Graduation is a time of celebration and accomplishment. With colleges filled with students from many backgrounds, ethnicities and races, it’s important to celebrate the accomplishments of minorities. Ethnic graduation commencements have been occurring for years across the country in several colleges and universities. The question is if it should be allowed to happen. Is it a sense of celebration or separation?

At California State University, Bakersfield, we have both Chicano Commencement and Black Graduation that honor the accomplishments of the Latino community as well as the black community on campus. Some may believe that the ceremonies separate and discriminate towards other races. I personally believe that we should be able to celebrate our accomplishments in our communities by having a commencement to recognize them.

Let’s focus on the black community for a minute. According to an article in The Journal of Blacks Higher Education, it is stated that the black graduation rates have been at about 42 percent but they have been going up in the past couple years. According to an Ed Trust report, black graduation rates have increases 4.4 percent in the past decade.

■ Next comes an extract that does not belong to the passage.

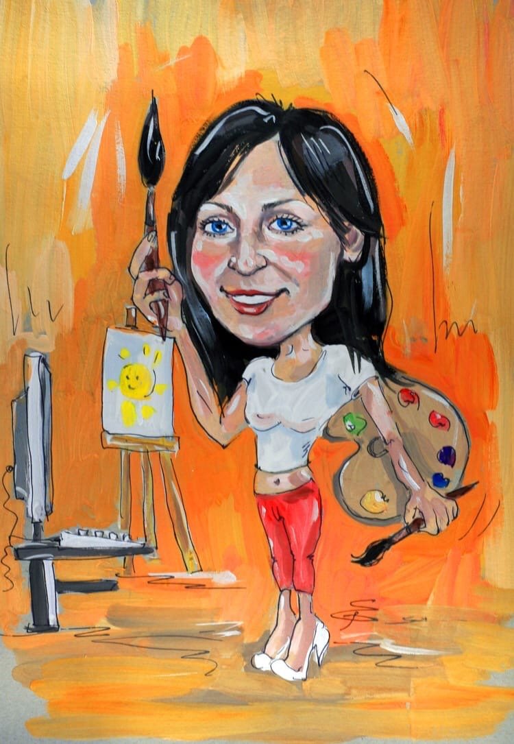 Шарж девушка художник - это карикатурное изображение молодой женщины, которая проявляет свои таланты в искусстве. В этом шарже уловливаются особенности ее внешности и поведения, с помощью преувеличений и комических элементов. Художник нарисовал ее со специфическим стилем, чтобы передать ее индивидуальность и творческий подход к жизни. Шарж девушка художник может вызвать улыбку и заставить задуматься о творчестве и разнообразии искусства. Эта карикатура идеальна для использования в рекламных материалах или на сайтах, чтобы выделиться среди конкурентов и привлечь внимание целевой аудитории.

In a 2002 article Erik Lords from Michigan State University, wrote about criticism over the graduation ceremony for blacks.

“The response of critics is indicative of white privilege, because they don’t really understand why this is a significant accomplishment for black students,” Nikki O’Brian, Michigan State’s coordinator for African American Affairs, told Lords. “For white students to say we have the same struggle is misguided.”

Many students in the black community are first-generation college students. The phrase first-generation means they are the first in their families to attend a four-year college or university. Therefore, the students breaking these stereotypes should be able to be recognized for their accomplishments in their community. Some blacks come from the urban parts of cities and different financial situations than other students and should be awarded for their perseverance and determination to obtain their college degrees. These ceremonies aren’t official degree-conferring graduation ceremonies but a time to recognize the future graduates.

In a 2013 article for the Chronicle of Higher Education, Ann Schnoebelen elaborated on the subject of Latino graduation as well as ceremonies for other recognized minorities. Shirley Diaz, a graduate of the University of Nevada at Reno, participated in the Latino graduation at Reno’s Center for Student Cultural Diversity.

“Your family feels more connected to the event,” Diaz told Schnoebelen. “They actually feel like they can participate.”

The minority’s background, history, and past are recognized at these types of ceremonies. With friends, family, and supporters of the graduates at the commencements, it’s a more personal experience for all parties involved.

“I am going to participate in Chicano Commencement because I feel proud of my accomplishments. I love that there is a ceremony to recognize them within my culture,” says CSUB senior, Syleena Perez.

There are some that are opposed to having separate ceremonies for graduations. They may believe that everyone should be together because they don’t get to have their own separate graduation, which is completely understandable. If someone of any race, minority or group wants to have a ceremony to recognize their accomplishments of them and their community, then I fully believe that they should. It’s a great feeling to know you’ve done something great in your community. Therefore, I think Black and Latino commencements should continue at universities and colleges.